(Reuters) - Shares in bookmakers William Hill (WMH.L) and Ladbrokes Coral LCL.L plunged on Monday on a report that Britain will slash the top stake on high-street betting terminals to just 2 pounds.
The bookmakers said the limit, if confirmed, would result in job losses and shop closures, while campaigners urged the government to hold its nerve.
The government said in October it would reduce the maximum stake on in-shop fixed odds betting terminals (FOBTs) to between 2 and 50 pounds from 100 to help tackle problem gambling after a consultation ending on Tuesday.
The Sunday Times newspaper cited an ally of Culture Secretary Matt Hancock - appointed this month - as saying the limit would be set at the bottom of that range.
An FOBT is a touch-screen machine that allows players to bet on the outcome of various games such as roulette. Dubbed the “crack cocaine” of gambling, campaigners argue that the machines enable players to lose money too quickly, leading to addiction and wider social problems.
William Hill and Ladbrokes Coral, which have the biggest presence on the high street, were dismayed.
“We are very clear that stake cuts will fail to adequately address any issue of problem gambling,” said Ladbrokes Coral, which is being bought by the online gambling firm GVC (GVC.L) for a cash-and-share sum that depends on the outcome of the review. Ladbrokes took about 800 million pounds of revenue from gaming machines in 2016.
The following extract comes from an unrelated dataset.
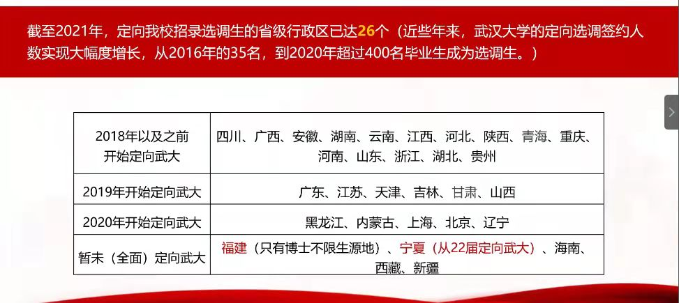 第一部分是“选调生是什么”,主讲人以幽默的语言,详实的数据,具体的案例清晰地说明了选调生的定义、报考选调生的条件、公务员和选调生的区别和联系、定向选调和非定向选调的具体情况和区别,截至2021年,定向我校招录选调生的省级行政区已经有26个。在2020年,超过400名毕业生成为了选调生,为中国建设做出自己的贡献。
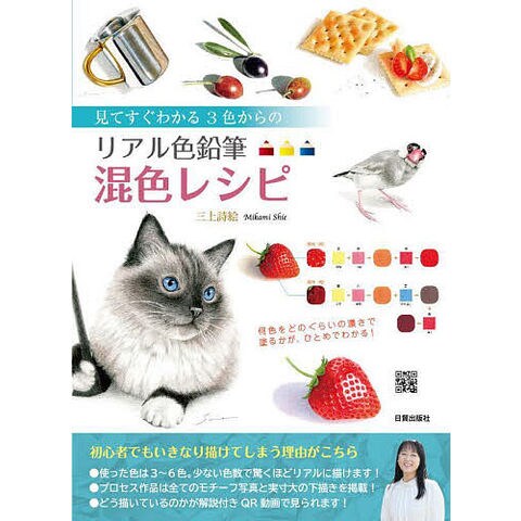 写真のようにリアルなのに、使う色はたった3~7色。何色をどのくらいの濃さで塗るかが一目でわかるので、初心者でも混色のコツが身に付きます。描き方のポイント解説が見られるQR動画つき。

Ladbrokes shares were down 9 percent at 166 pence at 1400 GMT and rival William Hill was down 12 percent at 295 pence, the biggest loser on the FTSE mid-cap index .FTMC. Paddy Power PPB.L was off 0.9 percent at 8,370p.
“The impact of this rumour on our share price this morning illustrates the drastic impact such a move would have on the retail betting sector”, William Hill Chief Executive Philip Bowcock said in an emailed statement.
There are almost 8,800 betting shops in the UK and each is allowed a maximum of four machines.
The terminals have helped to keep betting shops going when many younger gamblers have switched to betting on sports events using smartphones or tablets.
The Department for Digital, Culture, Media and Sport declined to confirm the Sunday Times report, saying that it would make a final decision “in due course once all the evidence has been considered”. That could take weeks or months.
Campaigners against the machines - including politicians from all parties, city mayors, professors and senior clerics - said they were sending a letter to Prime Minister Theresa May to urge the government to cut the stake to 2 pounds.
“The government must not waver in helping the vulnerable,” said a copy of the letter shown to Reuters. “It must not bend to the power of the bookmaker lobby. The time has come for the government to act.
“The health and wellbeing of our country is at issue.”
Ladbrokes Coral Group, currently Britain’s largest bookmaker, has more than 3,500 betting shops employing over 25,000 people. William Hill has 2,376 shops employing more than 12,500.
GVC is to spend up to 4 billion pounds to secure a high street presence with Ladbrokes, but the terms mean the price will be cut if projected FOBT income falls. GVC declined to comment on the Sunday Times report.
The reduction of the maximum stake is set to be the biggest regulatory change in the industry since the 2005 Gambling Act, and is seen as likely to set off a new round of acquisitions.